1, relatively small changes in Gini coefficients are shown for each state in 1970, indicating small variations in income distribution across the country. The only state that stands out with a Gini coefficient above 0.5 is Idaho. However, two decades later, more states have relatively greater income inequality. States such as California, Texas, and Florida had Gini coefficients above 0.6. In 2013, states with more income inequality are mostly located along the two coasts. States such as California, Florida, Nevada, and Wyoming all had Gini coefficients that were roughly larger than 0.65. By looking at the transitions between the three maps, an overall increase in Gini coefficients is expected. It is interesting to see the result because it affirms that as the nation develops, chances are technological innovations made by certain individuals or companies would further increase their own wealth, thus increase overall income inequality.

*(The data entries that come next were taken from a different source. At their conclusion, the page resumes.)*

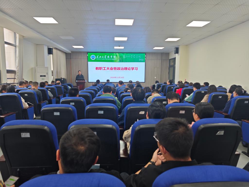 (通讯员 付雪娇)11月14日下午,正规滚球app平台官网在农科大楼3073会议室召开教职工大会,开展11月份政治理论学习,通报并安排近期主要工作,会议由学院党委书记周锦华主持。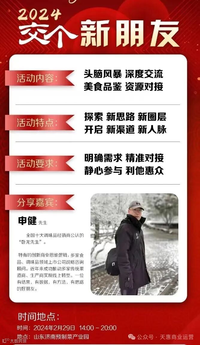 导读:聚力赋能,共同进步2024年2月29日下午,山东(济南)预制菜产业园举办了首届2024“交个新朋友”智慧沙龙活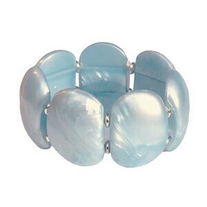 This beautiful vintage bracelet features chunky light blue marbled moon glow thermoset lucite panels with silver tone spacer beads. . Its unique design and vintage charm make it a standout accessory.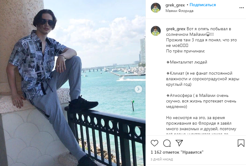 И третьей причиной является атмосфера самого Майами, ведь жизнь там течет очень размеренно и скучно. Но даже, несмотря на это Архипу удалось завести множество друзей во Флориде.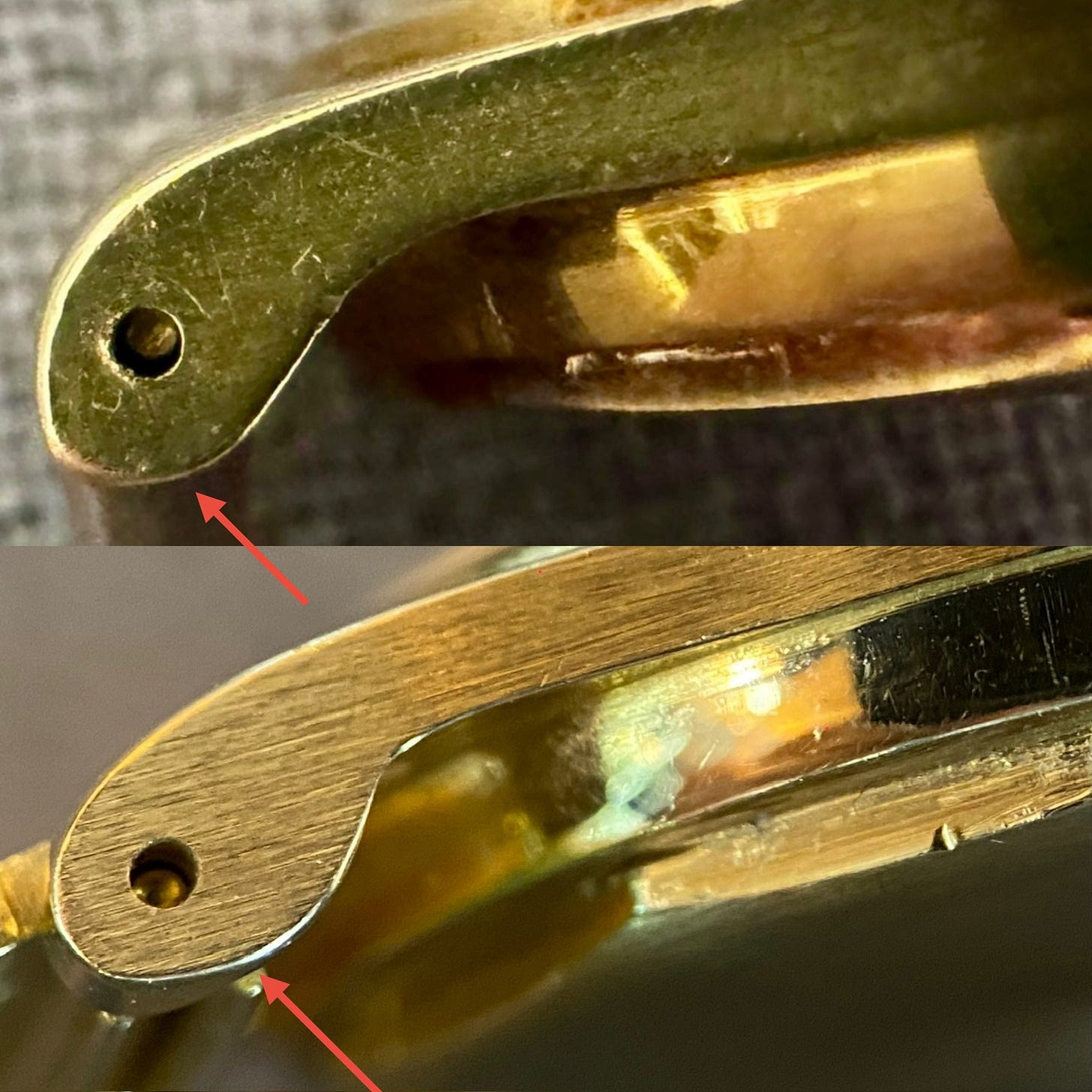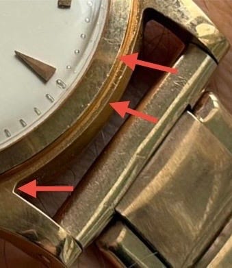 Another area to inspect for case condition is the step down from the bezel, outer case edge and notch by inner lug. It’s a good area to inspect because it would not have the wear from routine use compared to the case sides.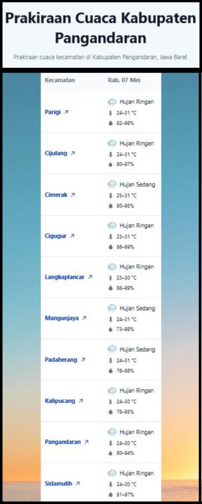 Laporan Harian & Prakiraan Cuaca Kabupaten Pangandaran – Rabu, 7 Mei 2025.

A vital takeaway from this article is that economic damages due to all kinds of natural hazards, together with GDP, time trend, and political parties serve to predict income distribution across the United States. It is normal that many people link income equality to how our economy performs, which is the GDP value for each year. But because the two major parties can respond to natural hazards differently, it is interesting to see income inequality slightly related to whether the government is primarily represented by one or the other party. In Fig.
2, there is an overall increasing trend for Gini coefficients for both parties, indicating an overall increase in income inequality. Also, there is not much difference between Gini coefficients for Republican versus Democrat before 2000. However, there has been a staggering increase in terms of Gini index whenever the majority of people in certain states have voted Republican since the early 2000s, and the gap reached its maximum in the mid-2000s. Since a higher Gini index represents larger income inequality, Fig.
2 (right) shows that on average the prevalence of income inequality is lower in Democratic states.
Natural hazard-induced disasters cause property damages, which in turn increase income inequality. The insurance industry, together with the government, could think of methods to help ease the pressures people face in impacted areas. It is likely that consequences associated with income inequality, such as high unemployment rate and crime rate, would in turn be alleviated.
By analyzing the past, we are able to have a broad understanding as to how income distribution has been affected by extreme weather conditions across the United States. The result will be critical for all parties, including policymakers, local industries, insurance companies, and residents.